玻璃纤维自密实混凝土（GFRSCC）是以玻璃纤维为增强材料，自密实混凝土浆体为基体的复合材料。玻璃纤维增强混凝土（GFRC）作为一种新型复合材料，在各个领域得到了广泛的应用。自密实混凝土（SCC）基体中掺入玻璃纤维，目标是为了利用自密实混凝土的高工作性能和高流动性，以及玻璃纤维混凝土的高韧性优点。

因此，本文首先对自密实混凝土水化过程及其不同阶段的工作性能开展了试验研究，发现自密实混凝土在不同粉煤灰掺量下的水化特征，验证了一种能够准确监测自密实混凝土水化过程并预测其强度发展的新指标。在此基础上，本文对玻璃纤维增强自密实混凝土的水化过程及强度发展进行了实验监测研究，分析了不同玻璃纤维含量对GFRSCC水化过程和渗透性能的影响。主要包括以下内容：

（1）基于机电阻抗法的自密实混凝土早期水化特性研究和抗压强度预测研究。基于不同粉煤灰掺量的SCC电导频谱图进行主成分分析，根据第一主成分可以简单地反映出不同粉煤灰掺量SCC早期水化的凝结过程，反映SCC的早期水化过程对智能骨料约束变化与第一主成分的关系；同时，基于主成分分析结果发现频谱特性受PZT封装层显著的影响，发现混凝土基体变化对智能骨料的环境约束有着显著的影响。根据混凝土抗压强度进行机器学习的训练以达到优化混凝土配合比的目的，利用收集公开发表的文献混凝土组成成分与抗压强度的数据集，建立多种机器学习回归模型进行训练及预测并对比分析，挑选出优化度高的机器学习模型以便于后续玻璃纤维混凝土的研究。

（2）基于机电阻抗法的玻璃纤维混凝土早期水化特性研究和渗透性能研究。基于不同玻璃纤维掺量GFRSCC的电导频谱图进行主成分分析，根据第一主成分得到早期水化时对GFRSCC中的纤维量的定量分析，观察不同纤维掺量的GFRSCC的基体变化对智能骨料的约束影响；建立基体环境对智能骨料的约束与渗透性能之间的关系，改进GFRSCC的孔隙率。通过机器学习模型得到影响玻璃纤维混凝土渗透性能的主要因素依序是养护龄期、玻璃纤维掺量、玻璃纤维长度，提出关于玻璃纤维混凝土配合比以达到降低渗透性能降低孔隙率的设计建议。

Glass fiber self-compacting concrete (GFRSCC) is a composite material with glass fiber as reinforcement material and self-compacting concrete slurry as matrix. Glass fiber reinforced concrete (GFRC), as a new composite material, has been widely used in various fields. Glass fiber is incorporated into the matrix of self-compacting concrete (SCC). The goal is to take advantage of the high working performance and fluidity of self-compacting concrete, as well as the high toughness advantages of glass fiber concrete.

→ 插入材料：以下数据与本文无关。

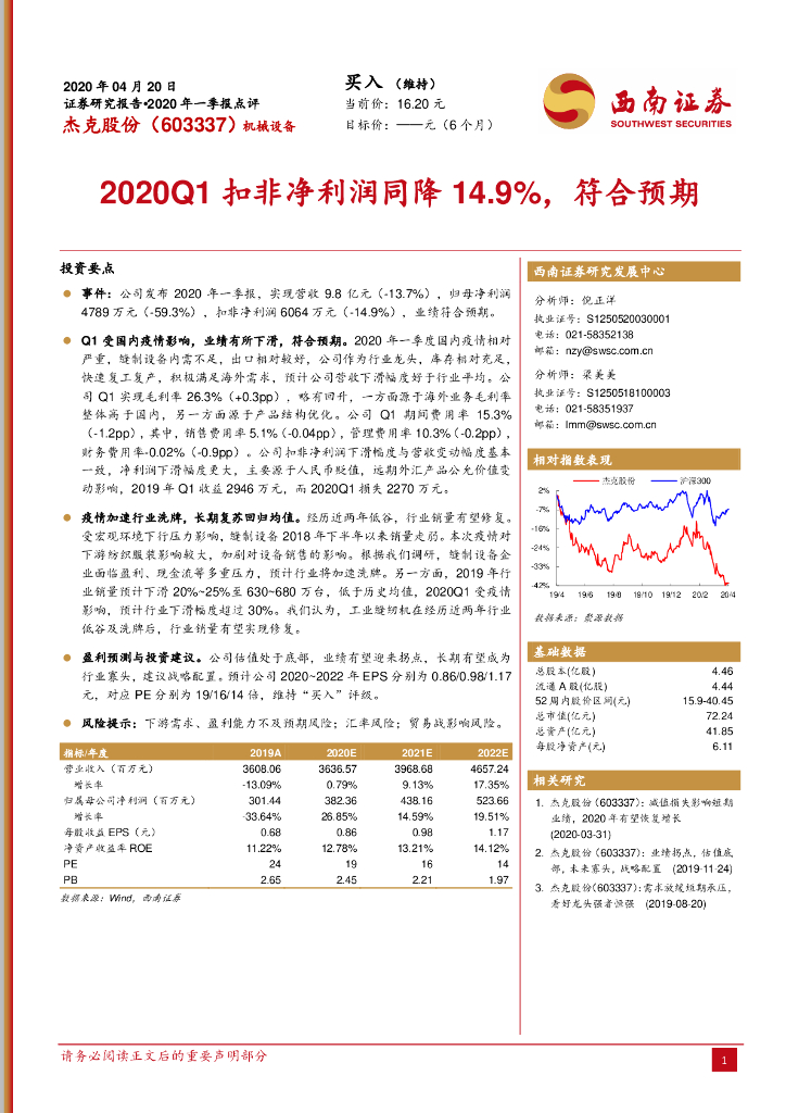 西南证券:杰克股份(603337)-2020Q1扣非净利润同降14.9%,符合预期.pdf
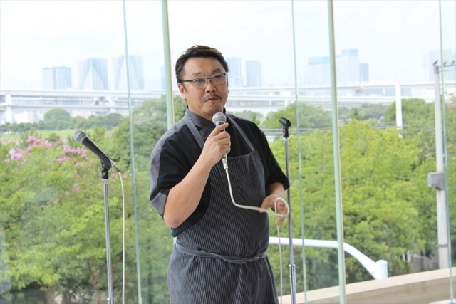続いて総料理長・水口雅司氏からのコメント。見た目は少しグロテスクですが、あくまでもどうしたらおいしく食べてもらえるかを追求。およそ3ヵ月も試行錯誤を重ね、かなり完成度の高いものができたとのこと。あえてひとつのメニューに使用する素材も2、3種類にし、素材を生かしたシンプルな仕上がりになっています。
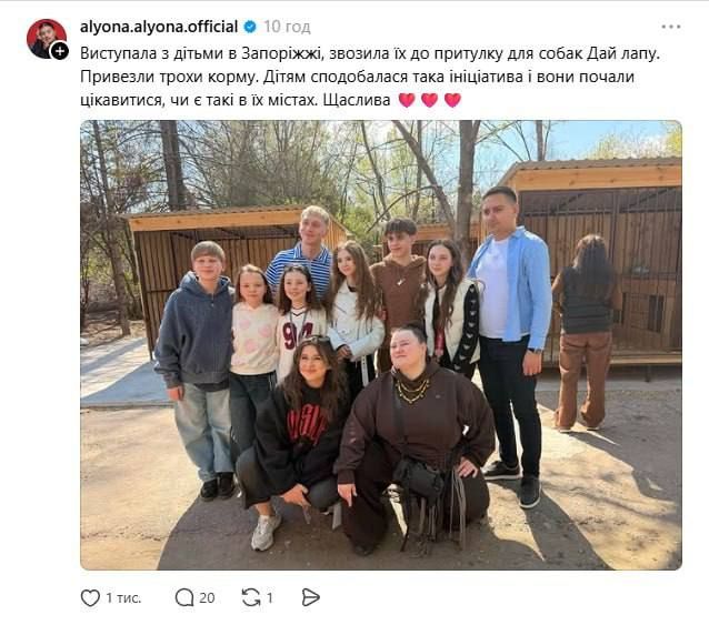 Із нею виступали діти. Потім вона разом із ними відвідала притулок для тварин "Дай лапу, друже". Нагадаємо, що на початку року він зазнав чергового обстрілу, багато тварин загинули.
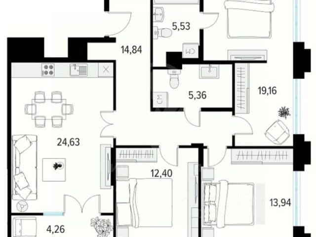 для хранения ваших вещей в квартире предусмотрен вместительный встроенный шкаф
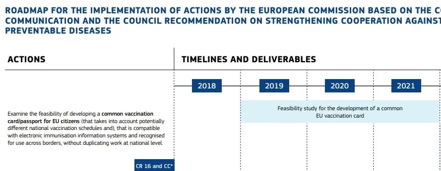 These documents were combined into the 2019 Vaccination Roadmap, which (among others) established a “feasibility study” on vaccine passports to begin in 2019 and finish in 2021:
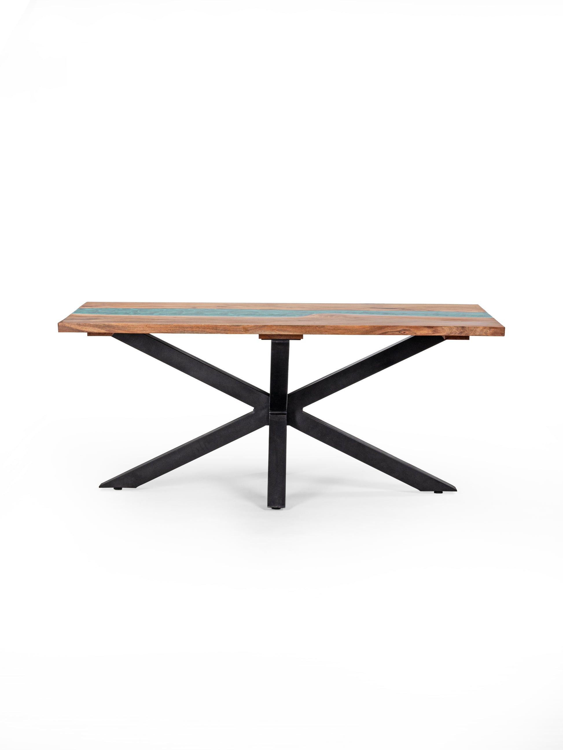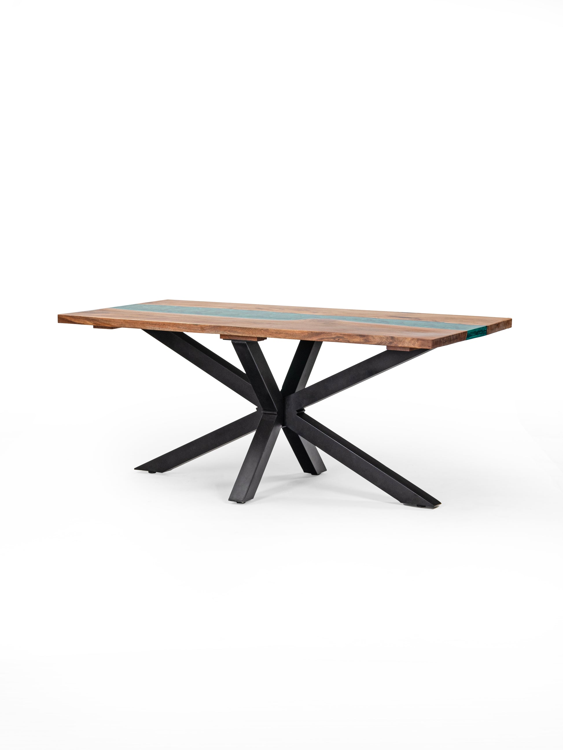 Suryavanshi Sheesham Wood Dining Table - Chic 6-Seater with Epoxy Top - X-Cross Iron Legs - Stylish and Durable (Rustic, W180 D90 H76 CM 6-Seater)

Therefore, this paper first carried out an experimental study on the hydration process of self-compacting concrete and its working performance at different stages, found the hydration characteristics of self-compacting concrete under different fly ash content, and verified a new index that can accurately monitor the hydration process of self-compacting concrete and predict its strength development. On this basis, the hydration process and strength development of glass fiber reinforced self-compacting concrete were monitored, and the effects of different glass fiber contents on the hydration process and permeability of GFRSCC were analyzed. It mainly includes the following contents:

(1) Study on early hydration characteristics and compressive strength prediction of self-compacting concrete based on electromechanical impedance method. Principal component analysis was carried out based on SCC conductance spectra with different fly ash contents. According to the first principal component, the condensation process of early hydration of SCC with different fly ash contents could be simply reflected, and the relationship between the constraint change of the early hydration process of SCC and the first principal component could be reflected. Meanwhile, based on the results of principal component analysis, it is found that the spectrum characteristics are significantly affected by the PZT encapsulation layer, and it is found that the change of concrete matrix has a significant impact on the environmental constraints of smart aggregate. Machine learning training was conducted according to the concrete compressive strength to achieve the purpose of optimizing the concrete mix ratio. A variety of machine learning regression models were established for training, prediction and comparative analysis by collecting the data sets of concrete composition and compressive strength in the published literature, so as to select the machine learning models with high optimization degree to facilitate the subsequent research on glass fiber concrete.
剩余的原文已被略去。